Hari demi hari terus berganti, di temani rasa rindu ingin segera bertemu dengan idaman hati, satu minggu rasa nya terlalu lama, padahal sering berkirim pesan melalui hp, tetapi tetap saja tidak seindah bertemu langsung dengan orang nya.tepat di sore itu, Rangga dan kinoy sedang nongkrong di depan bengkel sambil ber gurau. "bro.. gw pengen tau..? lo suka chatingan ya sama ana..?" tanya kinoy ingin tau. "tidak juga, ya.. tapi suka juga gw ngobrol. " jawab rangga. " gimana respon nya..? ya.. maksudku, dari cara ana nge balas pesan dari lo bro..? " kinoy mulai kepo. "yah.. haha... pengen tau banget lo ah.. kepo.. " canda rangga.. "emang lo yakin kalau ana bakal suka sama lo...? " tanya kinoy dan membuat rangga sedikit berpikir, padahal apa yang ada dalam benak nya pun sama,apakah selli juga suka sama gw ya..? "ya....?? nah itu yang masih jadi PR buat gw noy. . ?" lalu tiba tiba saja, "itu kan ana bareng selli..?" ungkap kinoy sembari menatap lurus ke arah depan jalan. "pucuk di cinta... ini kan belum hari minggu..? ko.. ana kesini..? ga ngabarin lagi..?" ungkap rangga agak heran. Ana dan selli datang sambil membawa makanan. "nih seblak ceker.. " ucap ana memberikan makanan ke rangga, begitu juga dengan selli. "terima kasih ana.. pedas ga..?" jawab rangga senang. "pedas banget.. gw sengaja karena kata selli kamu suka banget pedas, dimakan ya. " ungkap ana. dalam hati rangga menggerutu. " sial si selli ngerjain gw. "ya pasti dong.. gw makan sekarang, eh ko ga bareng dodi..? " tanya rangga lagi. " iya.. dodi masih ada tugas kuliah nya jadi dia ga ikut." jelas ana.

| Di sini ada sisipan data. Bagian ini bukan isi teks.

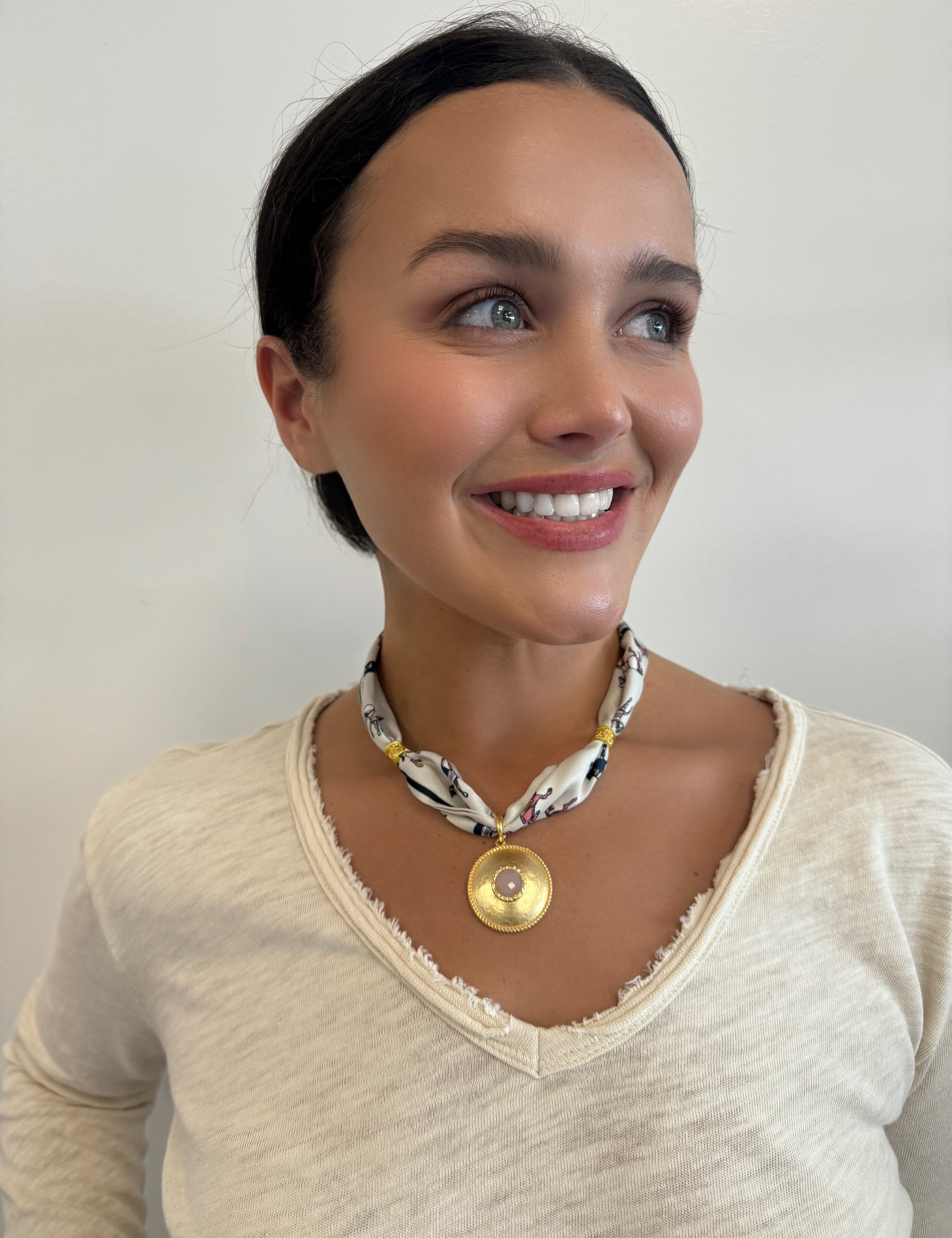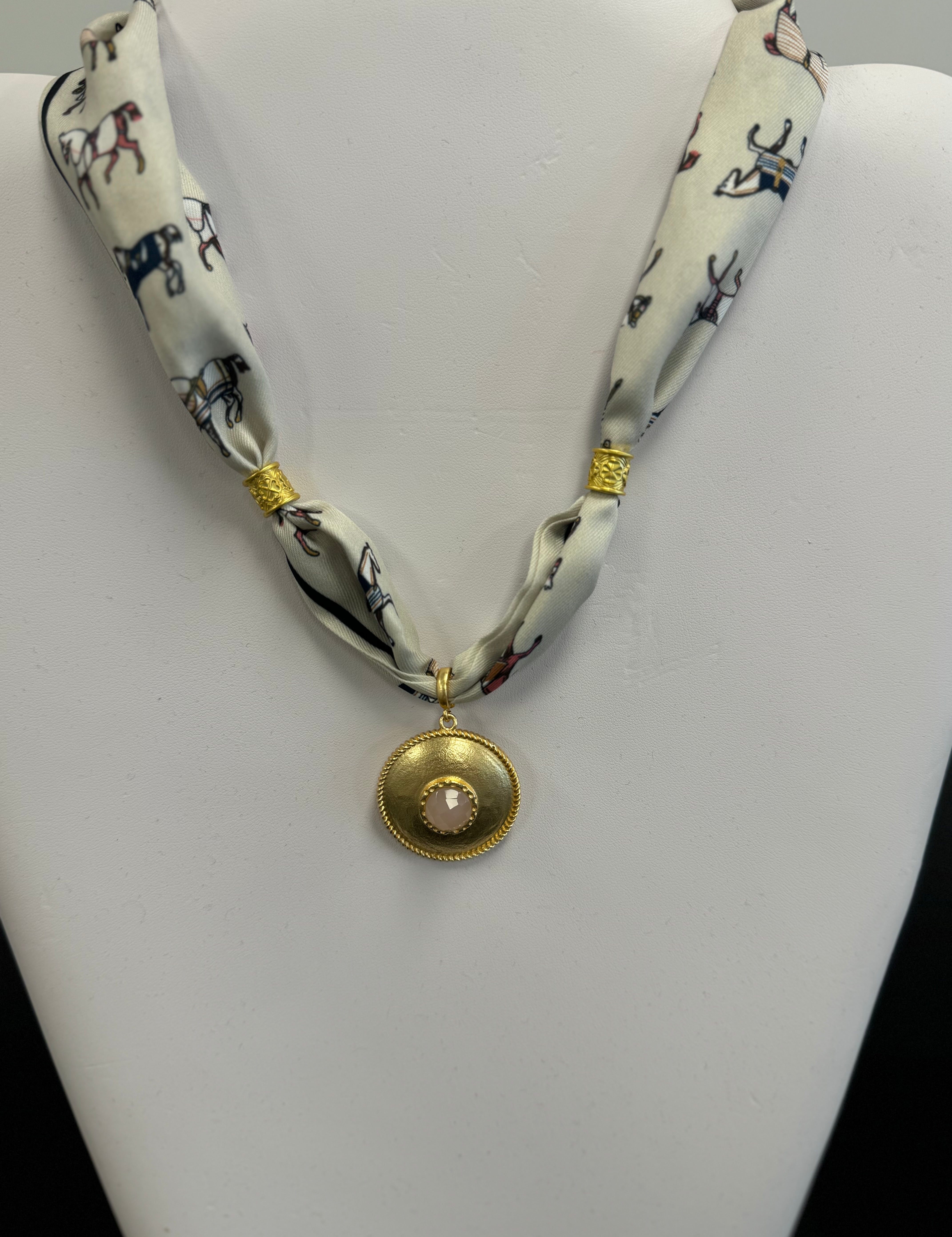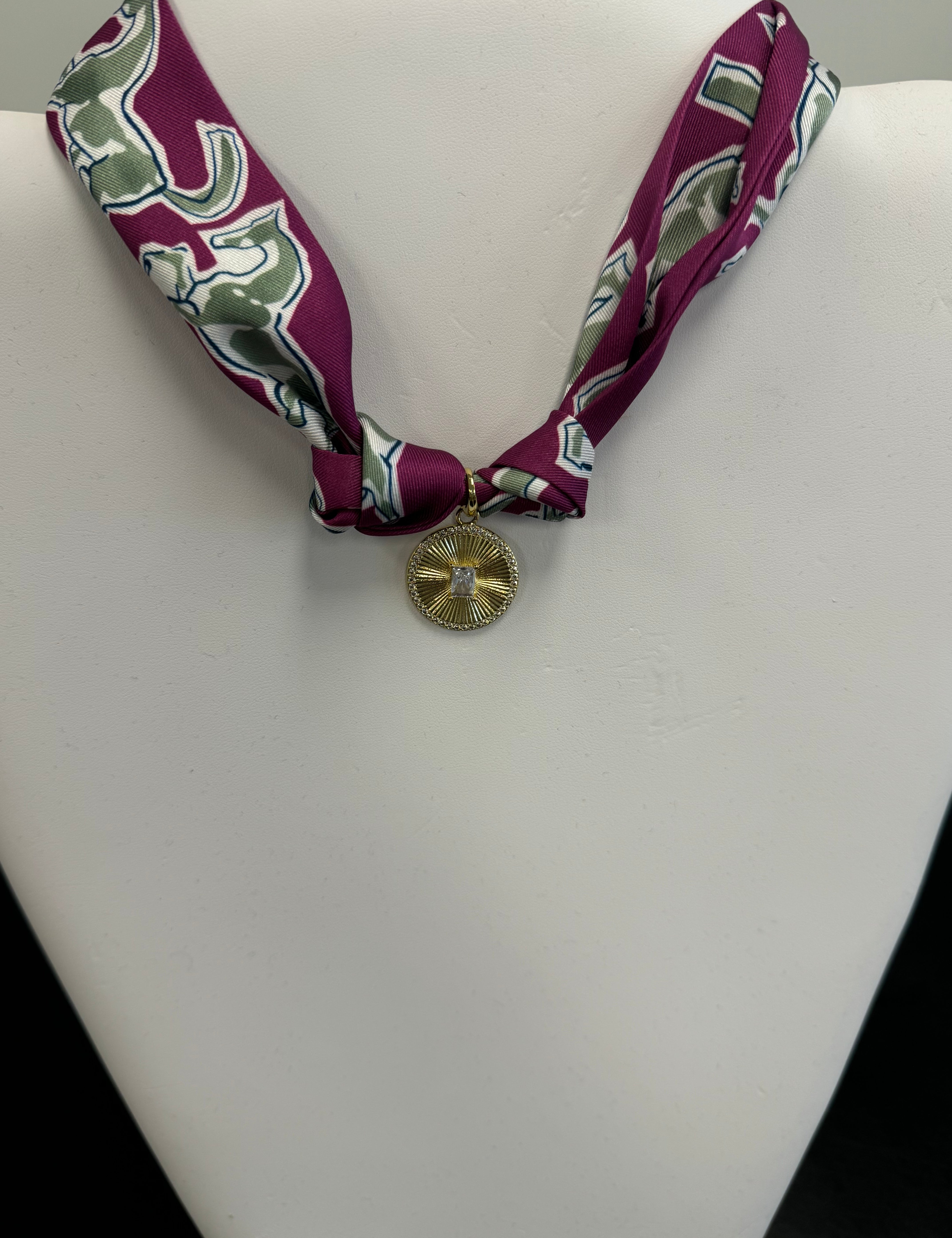 Scarf Necklace with Round Pendant and Pink Stone
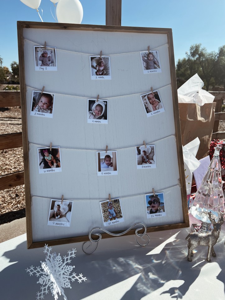 To the left of the high chair, I set up a guest book table for gifts/cards. I also set up a little photo album where guests could snap a polaroid picture, stick it in the album, and then write a birthday message to Avery. Avery’s Godmother, Natalie, set the same thing up at our baby shower and I just love the idea so much. It’s such a cute and easy keepsake of the day and something that Avery can look through in the future to remember who celebrated her first birthday with her. I also framed an ultrasound photo and had a little 1-11 month old photo board set up on the guest table as well! The little 1-11 month frame now hangs in our bedroom.
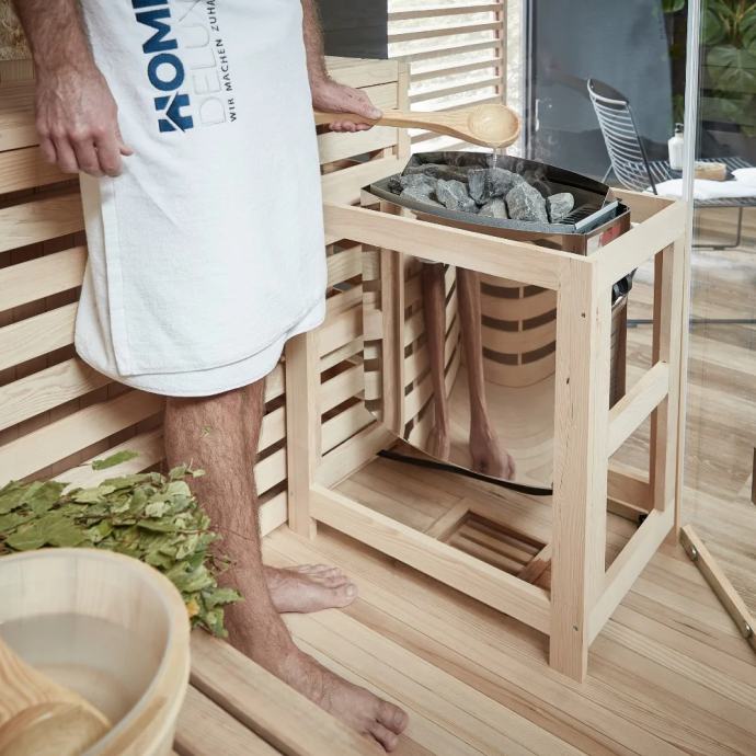 Srce te savne je močan grelec (8 kW) finskega proizvajalca Harvia. A ni le pečica tista, ki blesti z najvišjo kakovostjo. Mojstrovina je tudi visokokakovosten les jelke iz Kanade v stenah savne. Premišljena obdelava tega plemenitega materiala ne zagotavlja le elegantnega videza, ampak tudi izjemno funkcionalnost in vzdržljivost: les jelke je eden najboljših in najgostejših lesov na svetu. Zaradi svoje naravne sestave nudi odlično toplotno izolacijo in je zato idealen za sisteme savn. Toplota ostane v savni, medtem ko zunanja plast ostane blizu sobne temperature. Ta lastnost preprečuje opazne izgube toplote in nepotrebno porabo energije. Zato v vseh naših savnah uporabljamo les jelke in druge visokokakovostne materiale. Obdelava zunanjega lesa z dvojnim temeljnim premazom in barvanjem daje savni daljšo življenjsko dobo v primerjavi z mnogimi drugimi savnami. Les v notranjosti je namenoma ostal neobdelan.

Rangga yang tidak suka pedas, memaksa memakan nya karena malu sama ana sudah di beri, satu suapan pertama masuk ke mulut..!! , mata rangga langsung membesar pertanda makanan ini sangat pedas dan tidak bersahabat dengan lidahnya, namun karena gengsi rangga menghabiskan nya.. "enak banget ni seblak ceker..? beli dimana ini..? " tanya rangga yang ke pedasan namun di tahan. "di tempat biasa." ucap selli yang menahan tawa, begitu juga dengan kinoy. "rasain bro, lo dikerjain." bisik kinoy pada telinga rangga. "iya enak banget seblak nya gw udah habis satu porsi" ungkap ana. "pedes ga..?" tanya rangga. "ga lah.. gw ga suka pedas." jawab ana.
Bahagianya kebersamaan ini, andai saja di dunia ini tak pernah ada konflik, mungkin kita bisa merasakan surga yang sesungguhnya tanpa harus kesana. ini hanya umpama saja, tapi... rasanya memang indah jika semua umat manusi bisa memahami perbedaan tanpa merusaknya, dan bisa dipastikan kenyamanan akan terwujud, dimana tidak akan ada lagi berita kriminal atau pun perang. semoga saja kita yang mempunyai akal dan pikiran yang sehat dapat menguasai diri untuk terhindar dari sikap yang dapat merugikan orang lain.